How many books get carried over to another language only to suffer a cruel death by translation? I remember having read Catcher in the Rye in Russian when I was in college. It barely touched me, because the text wasn't alive, it was bland like semolina porridge. I heard similar accounts from English speaking people who tried reading Russian proze. I guess this becomes more if a problem when the context of the translated book is unfamiliar to the new readers. Anyways, Catcher in the Rye in English is well-written and engaging from the page one. 

Some English authors did shine even in translation. I could think of Wells, Conan Doyle, Vonnegut, Mark Twain and a few others. Or they were lucky to be about either historical times or about fictional setup. Pratchett has been ruined for me too, but Zelazny or Tolkien weren't. Perhaps because Pratchett was more satire than fantasy, and that sature was grounded in the context I had no clue about back then?

This seems to be less if an issue for some other languages/cultures; I rarely got annoyed at German, Polish or Czech translations I have read.

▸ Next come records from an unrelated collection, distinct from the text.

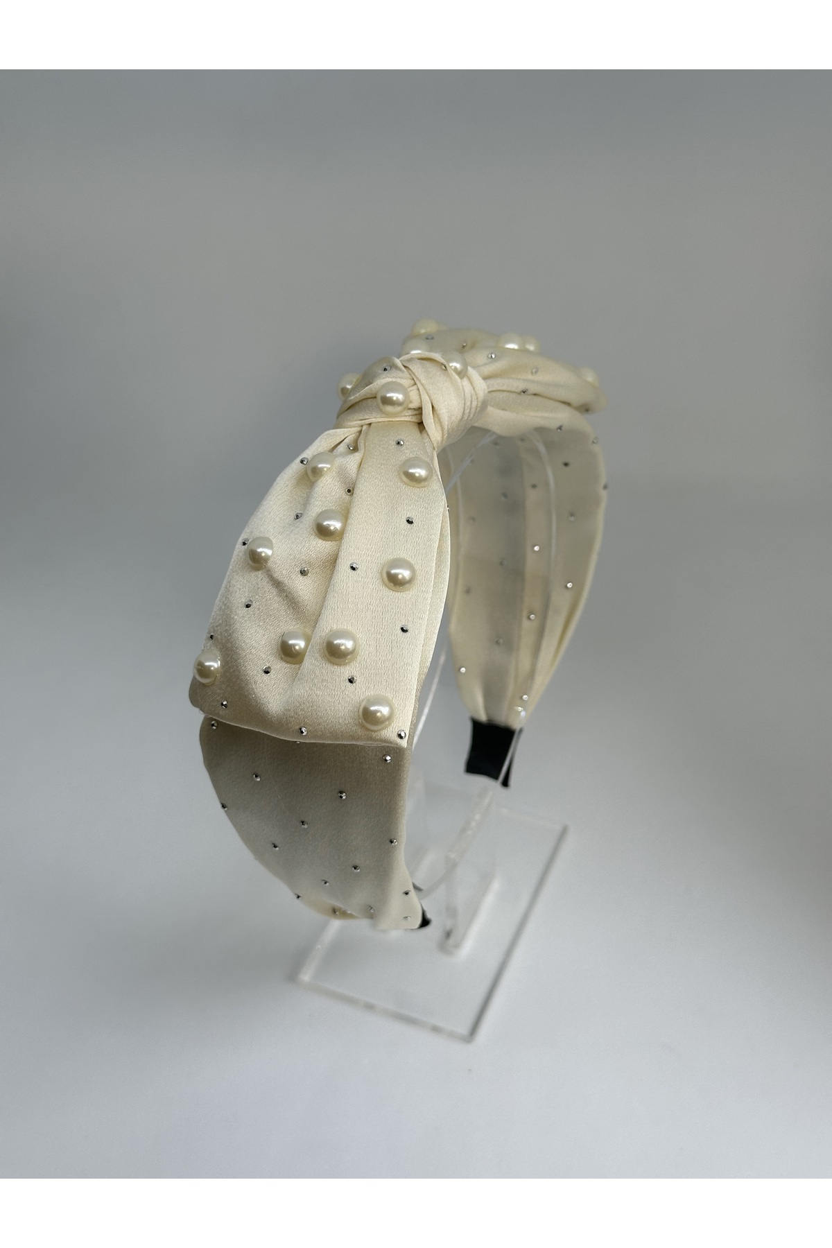 Fiyonklu saten ekru inci süslemeli saten taç, şık saç aksesuarları Fiyonklu saten ekru inci süslemeli saten taç, şık saç aksesuarları emma تک سایز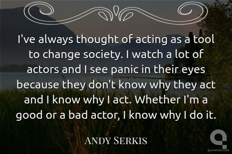 I've always thought of acting as a tool to change society. I watch a lot of actors and I see panic in their eyes because they don't know why they act and I know why I act. Whether I'm a good or a bad actor, I know why I do it.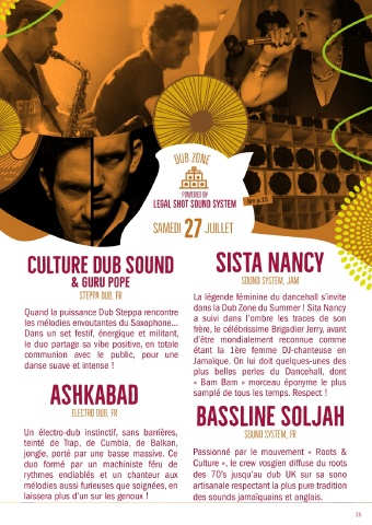 samedi 27 JUILlet En déambulation LEGAL SHOT SOUND SYSTEM lire p.15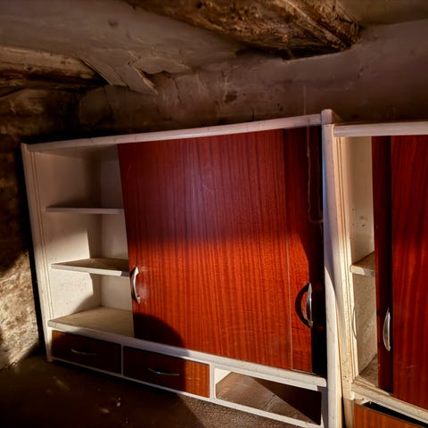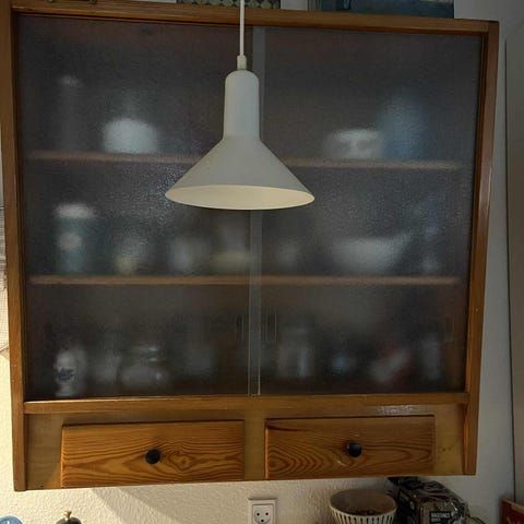 Gammelt københavner vitrine skab. Der mangler en rude.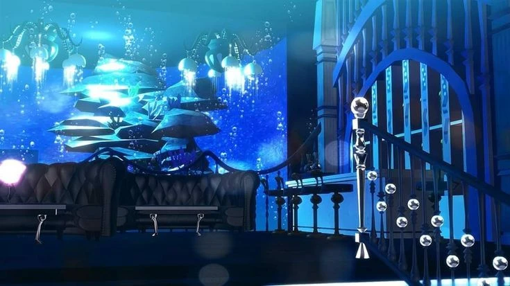 モストロ・ラウンジに着く。 彼女はすぐに甘えた声で …ジェイド〜! その声に反応して、 奥から一人の男子生徒が振り向く。
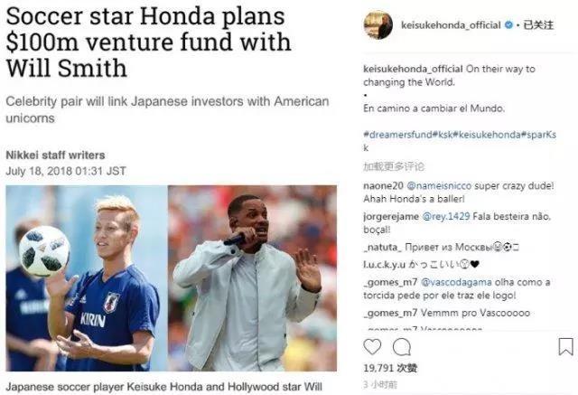 他在2016年成为了联合国儿童基金会的全球推广大使,随后又成为美国麻省理工大学媒体实验室特别研究员,致力于改善教育。不久前又和美国演员威尔·史密斯共同成立风投基金,将在日本筹资约1亿美元,向以美国为主的优秀新创公司投资。该基金将充分利用两人的人脉,寻找那些此前很难在日本接触到的潜力企业。本田圭佑对于此举,在自己的社交媒体上说道:正在改变世界的路上。梦想的力量一直推动着本田圭佑写下一个个人生惊叹号。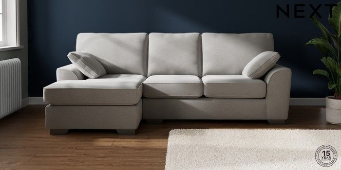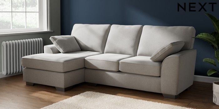 7.2.10 Buy Stamford Medium Sofa Chaise - Left Hand Natural Mix Light Grey Large Square Angle - Gunmetal from the Next UK online shop Click here to use our accessible website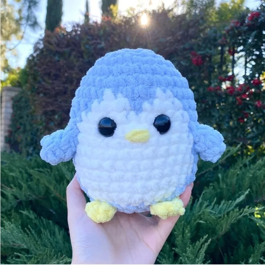 While I do get some harder-to-find yarn colors off of Amazon (the ones linked on my storefront), I do also get a lot of my yarn from Yarnspirations! The colors that I used for the penguin in the sample photo is Baby Blue, White, and Buttercup by Bernat Blanket.
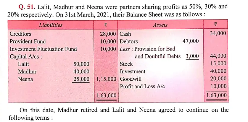 Solution of Question Number 51 Retirement or Death of a Partner DK Goel for 2024 Examinations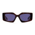Sunglasses with a squared feminine shape. The elegant cat-eyed frame is enhanced by the wide temples that naturally bond with a refined metal version of the Prada metal triangle decorated on the inside by a refined insert featuring the lettering logo.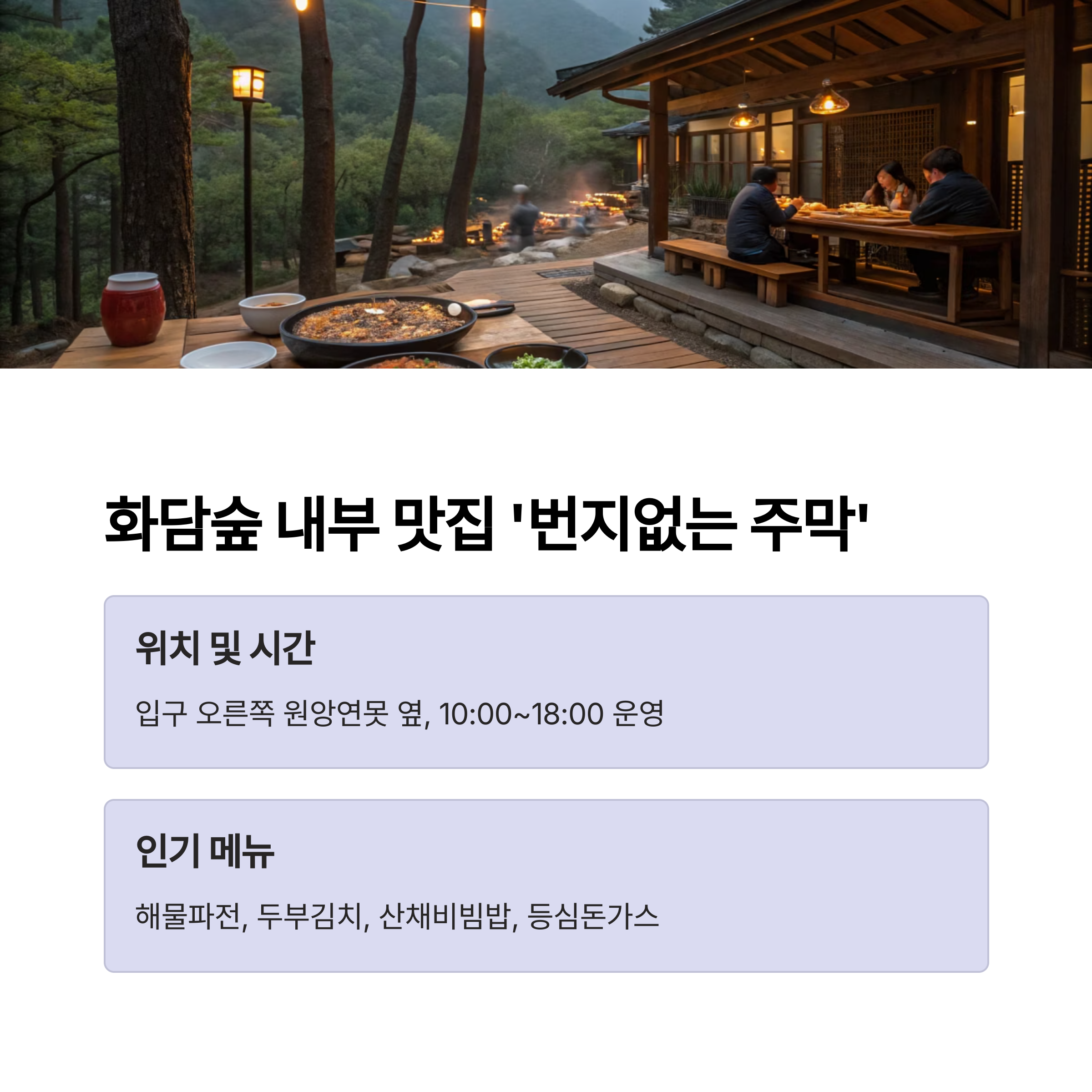 제가 실제로 가봤거나, 화담숲 방문자들 사이에서 평이 좋은 근처 맛집 3곳을 소개할게요.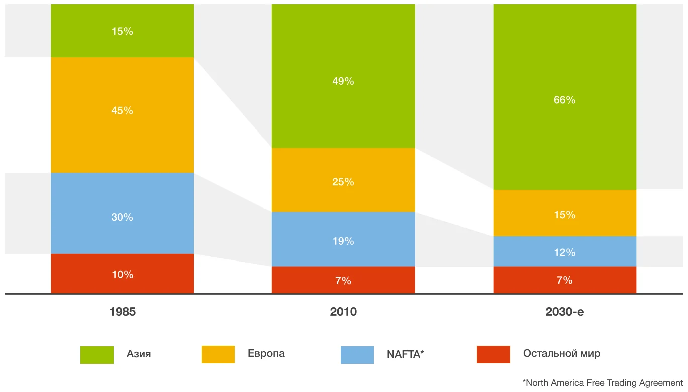 Ключевой тенденцией в мировой экономике является азиатский рост, который стимулируется все более быстрой интеграцией региональных экономик по всему миру. Изменение направления торговых потоков между Азиатско-Тихоокеанским регионом и Европой будет способствовать доминированию восточных игроков.

Translated poetry is often terrible, but luckily, in Russia it wasn't uncommon when some great poet did it and produced if not a full match for the original, then at least an impressive remake in its own right - so some of the English poetry came across somehow, thanks to Boris Pasternak and others.

Will machine translation ever win over human translation? Could it become a perfect magic mirror? Do we even know how a perfect translation should look like? Till that time, getting access to the original works is one of the compelling reasons to learn about other languages and cultures. May be if more people did that, less people would get time and energy for violent conflicts of any kind. One can always dream.